We noticed we'd been telling Claude the same things for months — scattered across more than 1,300 sessions — and writing almost none of it down. The signal already existed in our transcripts. It just needed extracting.
What does claude-harness-tuner actually do?
claude-harness-tuner reads your Claude Code session transcripts — the JSONL files under ~/.claude/projects/ — and extracts "effort moments": places where you corrected the agent, or re-typed substantial context it should have already known. It clusters those moments with an LLM and writes a single reviewable suggestions file. It never edits your config.
Clean sessions where nothing went wrong produce nothing, by design. The tool is hunting for friction, not summarizing your work. A smooth session is a session with no lesson in it.
There are two kinds of effort moment it looks for:
- Corrections — you told the agent it did something wrong and how to do it right.
- Re-typed context — you pasted or restated substantial information the harness should already carry.
Both are signals that your setup is leaking. Every correction you give an agent that doesn't get written down is a correction you'll give again.
How does the extraction pipeline work without leaking secrets?
The pipeline is roughly 95% deterministic Python; the only LLM involvement is plain HTTP calls — no agent framework, no SDK lock-in. Before anything leaves your machine, a mandatory redaction pass replaces API keys, passwords, and tokens with «REDACTED». Then moments are sent to the model in parallel shards, followed by a merge pass that deduplicates and clusters across shards.

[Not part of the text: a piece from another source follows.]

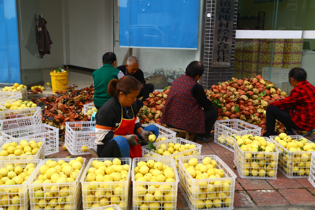 以产业成规模为基础,2018年起,徐志雄先后去到安岳、温州、厦门等地,拓展销售渠道。2019年,盐溪口村开始和电商公司合作,通过直播的方式,主播带货,掀起了一股采购柠檬热,盐溪口柠檬逐渐打出名气。今年,几家农资公司主动找到柠檬基地,用打包收购的方式,提前预定了基地里的柠檬。

Redaction is the headline safety feature, and it runs unconditionally. You are feeding your raw development history to an LLM; secrets must never be part of that payload. We treated this as non-negotiable rather than a flag.
The sharded-then-merged shape exists for a practical reason. A few thousand effort moments won't fit one prompt cleanly, and a single giant call would be slow and lossy. Sharding parallelizes extraction; the merge pass is where cross-shard patterns — the same correction appearing in five projects — get recognized and ranked as high-confidence.

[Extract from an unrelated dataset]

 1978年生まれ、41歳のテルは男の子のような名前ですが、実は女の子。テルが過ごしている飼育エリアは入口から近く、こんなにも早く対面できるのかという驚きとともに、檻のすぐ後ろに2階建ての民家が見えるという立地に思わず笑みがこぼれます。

Why does WHERE a learned preference goes matter as much as the preference?
The killer feature is placement intelligence: each suggestion is routed to where it belongs. A cross-project habit goes to your global CLAUDE.md; a project-specific quirk goes to that project's CLAUDE.md; a reusable reference (like a service-restart procedure) goes to a KB article. A preference in the wrong file is either ignored or pollutes every unrelated project.
This is the part most "summarize my preferences" approaches miss. A correction that's true everywhere belongs in global config. A correction that's only true for one repo will create noise — or active harm — if you hoist it to global. Routing is a real decision, and the tool makes it explicitly.
Confidence scales with repetition. A pattern that recurs across five or more projects is strong signal that it's a genuine cross-project habit, not a one-off. That frequency count is exactly what a human skimming their own transcripts can't compute, and it's what makes the global-vs-project routing trustworthy.
If you're already thinking about how learned context gets organized, this pairs directly with the question of how do you stop a single CLAUDE.md file from bloating your agent's context — placement intelligence decides what to capture; a KB cascade decides how to load it without drowning the model.
What did running it on 1,300+ real sessions actually surface?
On our real history the funnel was: 1,300+ sessions → ~1,400 effort moments → ~26 shards → 10–14 final insights. That aggressive distillation is the entire point. You don't want 1,400 line items; you want the dozen lessons your team keeps re-learning, ranked by how much they cost you.
The insights it surfaced were uncomfortably accurate about how we work:
- "Verify by driving the running app — never trust 'the code is correct'" — our single most expensive recurring correction, found across 5 projects. Routed to global
CLAUDE.md. - "OpenRouter is our default LLM provider" — re-asserted across 6 projects and never once written down. Routed to global.
- "Stop paid jobs immediately on request — cost is a hard gate" — 4 projects.
- A service-restart procedure — routed to a KB article rather than global config, because it's reference material, not a behavioral rule. A good illustration of the routing actually thinking.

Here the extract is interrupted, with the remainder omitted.